[Extracted material]
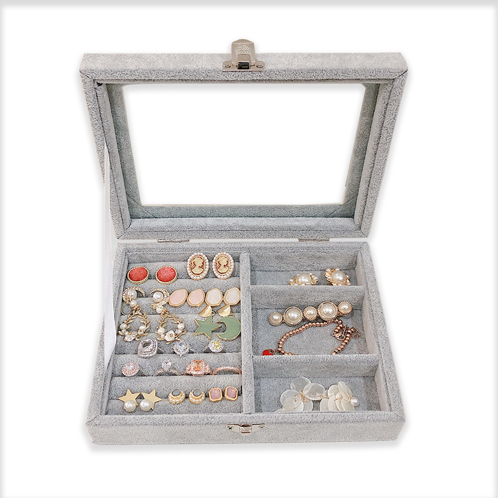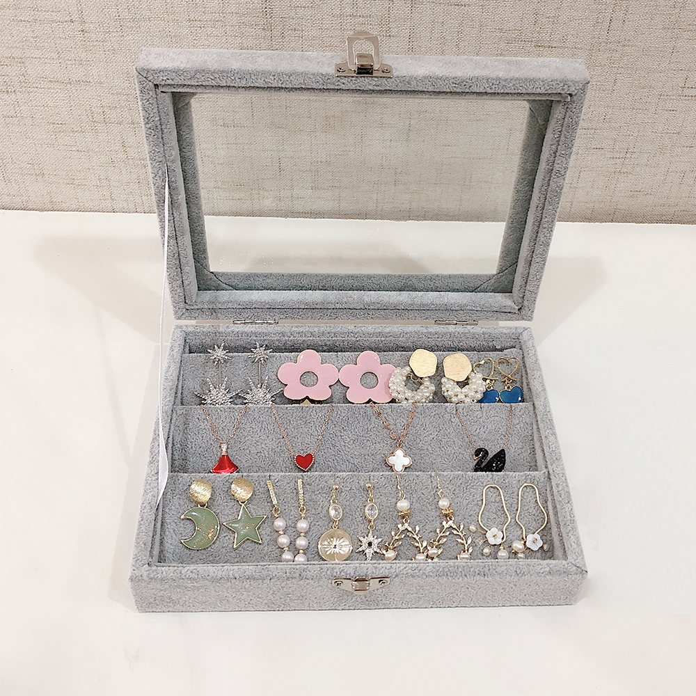 High-grade gray ice flannel jewelry storage box Small ring ear needle earring necklace multi-grid jewelry finishing household
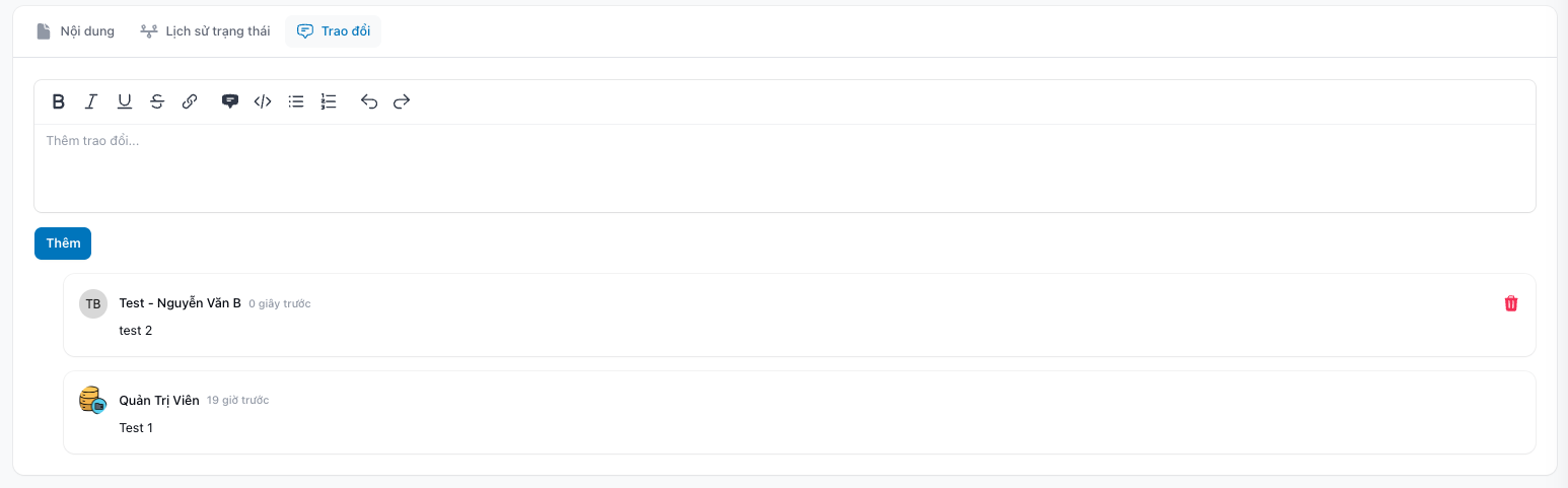 | B2 | Nhấn vào nút (...) ở cuối dòng -> Trao đổi (✏️) hoặc ở trang chi tiết | |
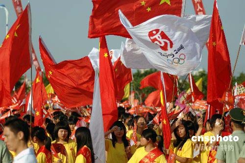 五月十二日上午,北京奧運火炬泉州站傳遞在中國閩臺緣博物館舉行。圖為圣火到來點燃泉州民眾的奧運熱情。中新社發(fā) 王東明 攝
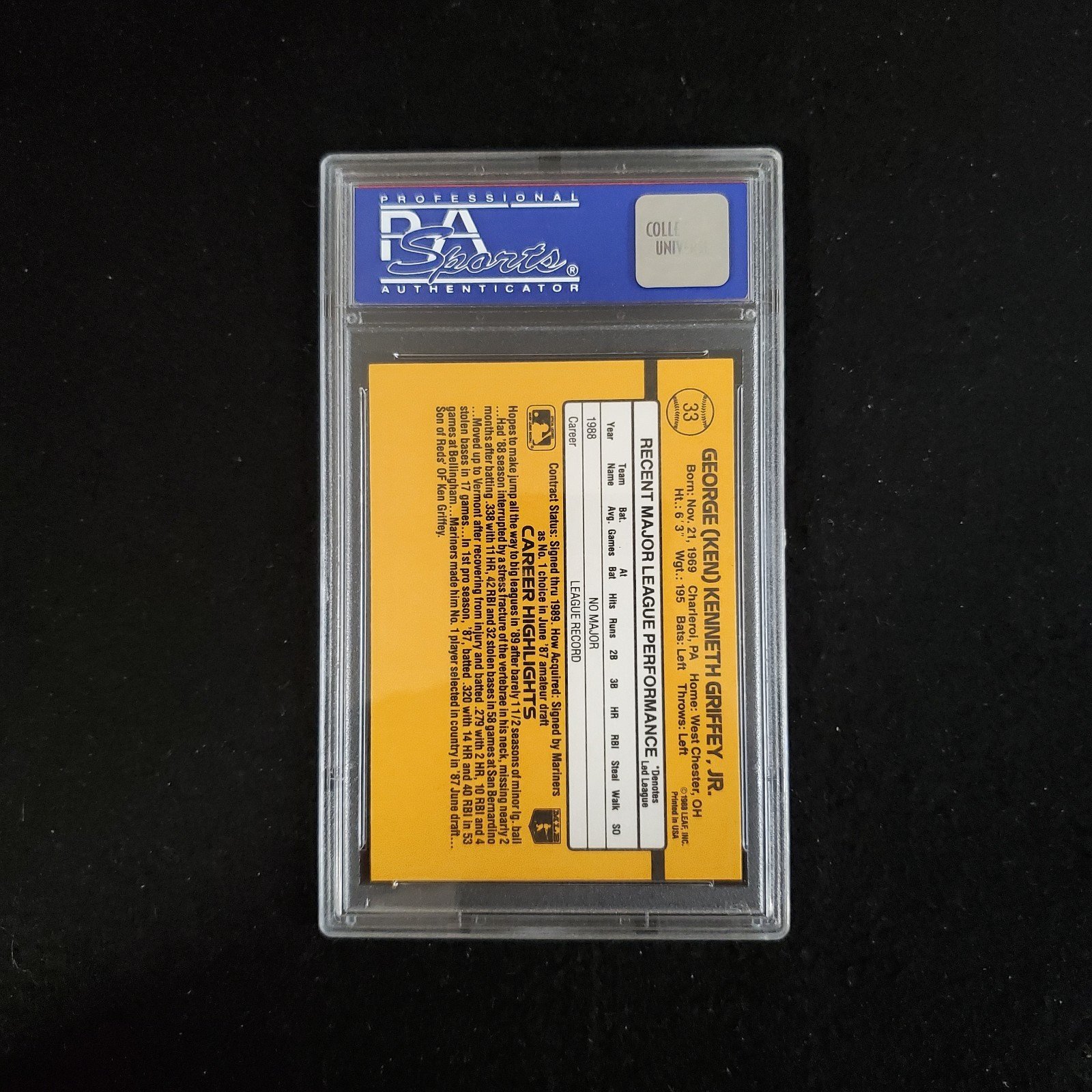Crafted in the United States, this card is a must-have for enthusiasts of the sport and collectors alike. As a part of the classic 1989 Donruss set, it features the coveted base design and is a proud representation of Griffey’s entry into the Major League Baseball scene.
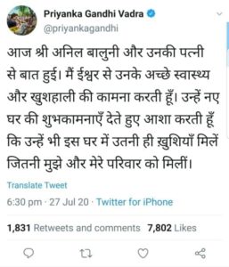 देहरादून:- कांग्रेस की राष्ट्रीय महासचिव प्रियंका गांधी ने भाजपा राज्यसभा सांसद अनिल बलुनी को पत्र लिखकर अपने घर चाय के लिए सपरिवार आमंत्रित किया था जिसके बाद प्रियंका गांधी ने ट्वीट कर बताया कि आज श्री अनिल बलूनी और उनकी पत्नी से बात हुई मैं ईश्वर से उनके अच्छे स्वास्थ्य और खुशहाली की कामना करती हूं नए घर की शुभकामनाएं देते हुए आशा करती हूं कि उन्हें भी इस घर में उतनी ही खुशी मिले जितनी मुझे और मेरे परिवार को मिली ।।
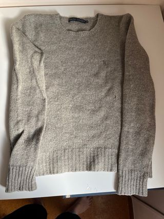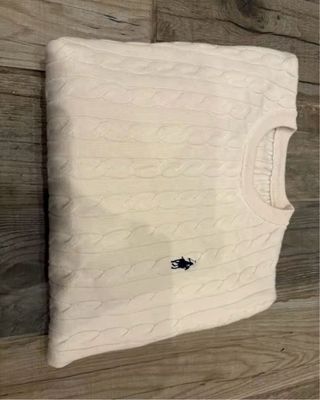 Jersey de ochos beige de Ralph Lauren. Talla XL, aunque queda ideal si te gusta el estilo oversized (yo uso una S). De punto 100% algodón, con cuello redondo. Está nuevo sin etiquetas, solo usado una vez. Precio original: 200 €.
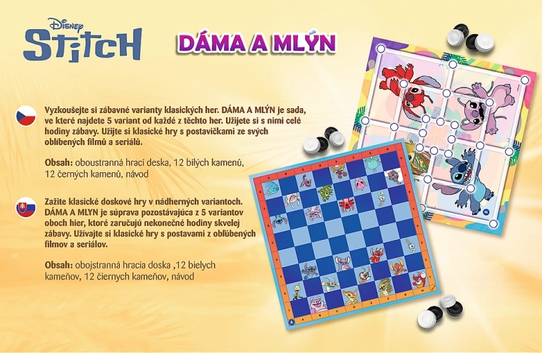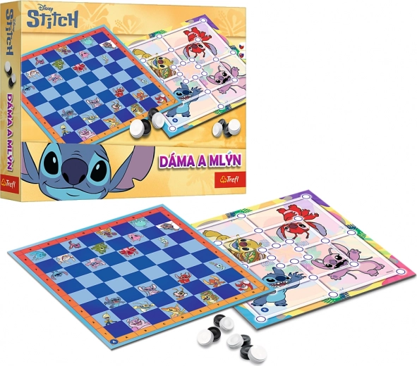 Dame und Mühle mit Lilo-&-Stitch-Motiv. Zwei Spiele in einer Packung, zweiseitiges Brett, Spielsteine und Anleitung. Fördert Logik und Konzentration. Alter 5+, Maße 29×19×4 cm.
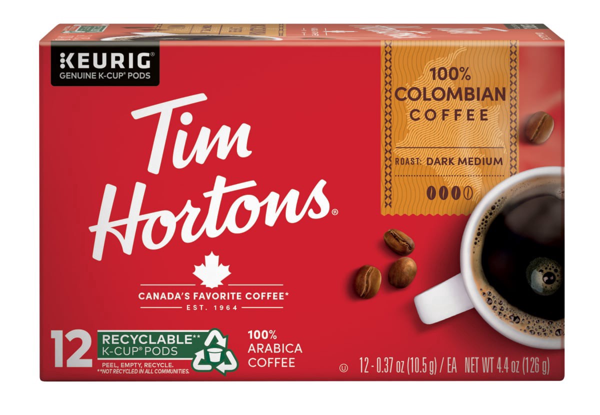 Tim Hortons 100% Arabica Dark-Medium Roast 100% Colombian Coffee 12 - 0.37 oz Each
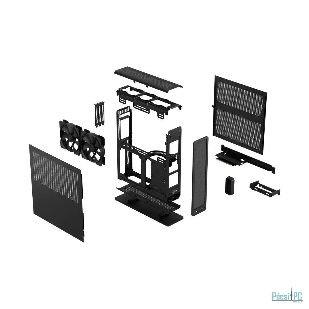 Mini-ITX, Black, 4x2,5", 2xUSB3.0, 1xUSB Type-C, Audio, Táp nélkül, 355x95x375mm, Ventilátor:2x14cm
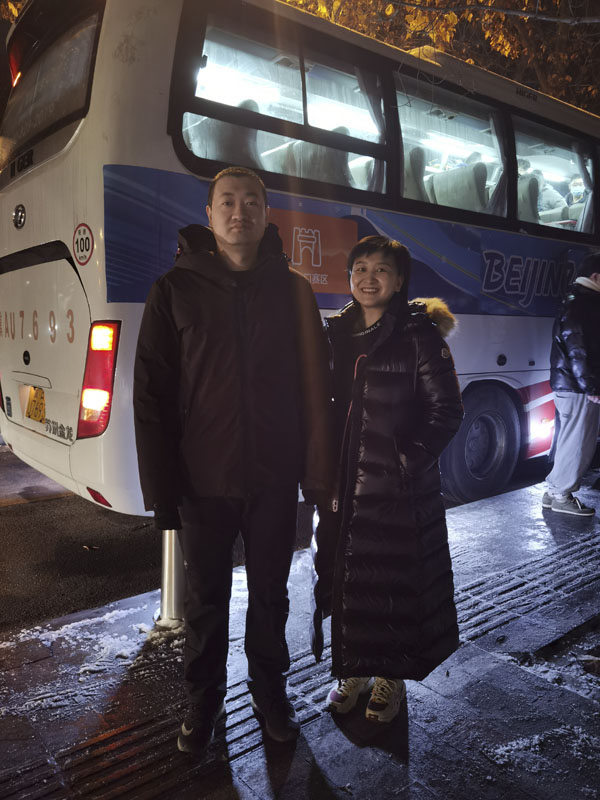 1月23日凌晨,覆蓋著“北京2022”白邊藍色字樣的大巴車早已在預定地點等候我院冬奧醫療保障隊員。05:40,天還沒亮,史佳杰、李崢夫妻二人拖著兩個大行李箱,快步走來并揮手與送行的家人告別,二人放好行李后,不約而同地將視線轉向了家的方向……
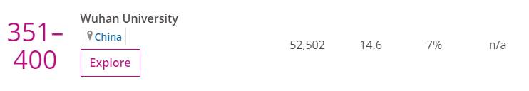 詹姆斯库克大学位列第201-250位,这是大学连续第三年被评为世界前250所大学之一。紧随其后的是中山大学、南开大学、武汉大学、同济大学、哈尔滨工业大学等国家双一流大学。
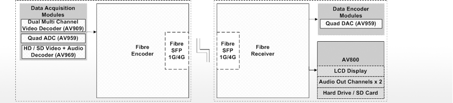 • AV8069 - Decode video formats up-to 1920x1080 and transmit of Fibre.
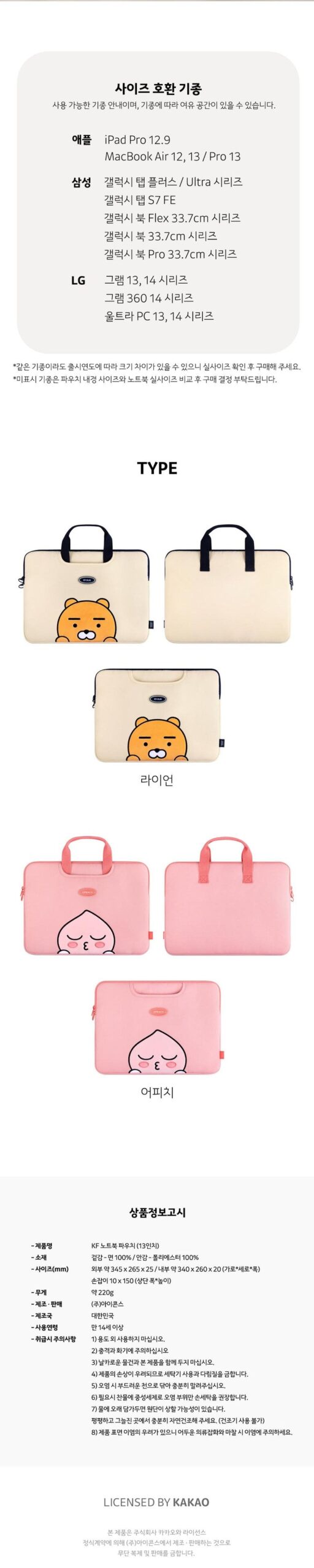 카카오프렌즈 라이언 13인치 노트북 파우치
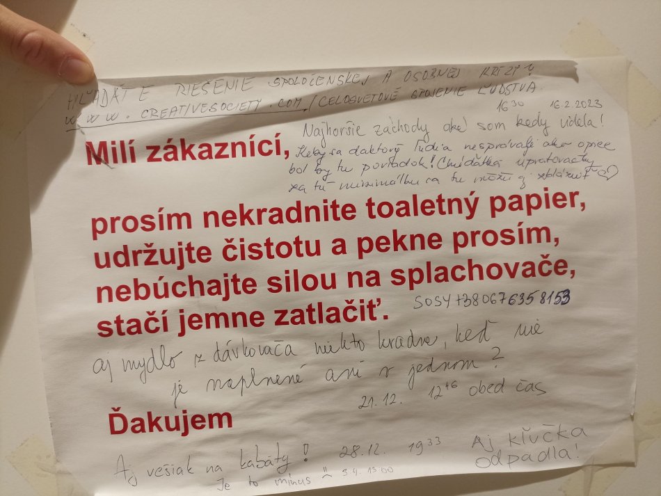 Galéria k článku KURIOZITA z nákupného centra: Oznam na dámskych WC zaplnili komentáre návštevníčok

[Exercise details]
Within the listing above, extract exactly the lines that run from the one containing "Dame und Mühle" through the one containing "Tim Hortons 100%", excluding any pictures.

[Output of the task]
 Dame und Mühle mit Lilo-&-Stitch-Motiv. Zwei Spiele in einer Packung, zweiseitiges Brett, Spielsteine und Anleitung. Fördert Logik und Konzentration. Alter 5+, Maße 29×19×4 cm.
 Tim Hortons 100% Arabica Dark-Medium Roast 100% Colombian Coffee 12 - 0.37 oz Each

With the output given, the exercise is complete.